PERHAPS EQUALLY IMPORTANT, though, is the attraction millions of Americans feel for the relatively homogeneous communities most of us lived in during the middle of the last century. Homogeneity is not a popular idea among urbanist academics in an age of enshrined diversity, but the stark fact remains that most Americans are more content spending their lives among neighbors who think and behave like them.

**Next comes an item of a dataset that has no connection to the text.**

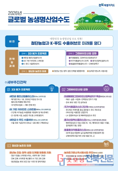 전북특별자치도는 11일 2026년 농생명산업 분야 브리핑을 통해 올해를 전북 농업 대전환의 원년으로 삼고, 새만금 농생명용지를 중심으로 첨단 농생명산업과 K-푸드 수출 인프라를 전략적으로 육성해 전북을 명실상부한 대한민국 농생명산업 수도로 완성해 나가겠다고 밝혔다.
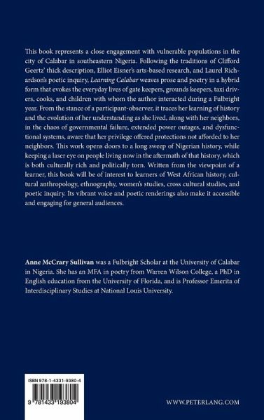 This book represents a close engagement with vulnerable populations in the city of Calabar in southeastern Nigeria. Following the traditions of Clifford Geertz' thick description, Elliot Eisner's arts-based research, and Laurel Richardson's poetic inquiry, Learning Calabar weaves prose and poetry in a hybrid form that evokes the everyday lives of gate keepers, grounds keepers, taxi drivers, cooks, and children with whom the author interacted during a Fulbright year. From the stance of a participant-observer, it traces her learning of history and the evolution of her understanding as she lived, along with her neighbors, in the chaos of governmental failure, extended power outages, and dysfunctional systems, aware that her privilege offered protections not afforded to her neighbors. This work opens doors to a long sweep of Nigerian history, while keeping a laser eye on people living now in the aftermath of that history, which is both culturally rich and politically torn. Written from the viewpoint of a learner, this book will be of interest to learners of West African history, cultural anthropology, ethnography, women's studies, cross cultural studies, and poetic inquiry. Its vibrant voice and poetic renderings also make it accessible and engaging for general audiences.

The journalist Bill Bishop argued convincingly in his 2008 book The Big Sort that Americans were increasingly congregating in politically and socially homogeneous enclaves, and I have seen nothing in the years since that disproves his contention. The current cohort of Americans seems to crave familiarity, and this is a reason why so many of them resist moving to distant places, even if there may be a better-paying job waiting for them somewhere out in the far reaches of the country.

From what I have seen, this doesn’t just apply to the middle class or to small-town residents. Some years ago, at a breakfast in Houston convened to discuss housing issues, I was startled by the impassioned remarks of a woman who lived in one of the city’s most disadvantaged neighborhoods. If you are going to build new housing, she said, build it where we are living. We want to stay where we are. Don’t make us trek across the city to claim a new apartment.

One such outburst isn’t proof of anything, but it had a powerful effect on me. It still does.

Even Appelbaum, as passionate as he is about the benefits of mobility, seems at times to accept the existence of a powerful countervailing force. “Perhaps,” he speculates near the end of his book, “American mobility was merely a life stage in the growth of the republic, an artifact of our restless youth.” Perhaps “what we’ve experienced this past half-century isn’t just a prolonged mobility recession, but a permanent change in the structure of American life.’’ Perhaps “we’ll need to redesign public policy around an assumption of stasis.”

Appelbaum doesn’t want that to be true, but he is too honest to discount the possibility. And it has to be appreciated. The people who live in declining factory towns or impoverished urban neighborhoods may not be doomed to spend the rest of their lives there. But there are powerful reasons why they do not chase after opportunity the way Americans once did. Housing prices are one of them. But the undying attachment to community and sociability is a vital one that isn’t going to disappear.



Governing’s opinion columns reflect the views of their authors and not necessarily those of Governing’s editors or management.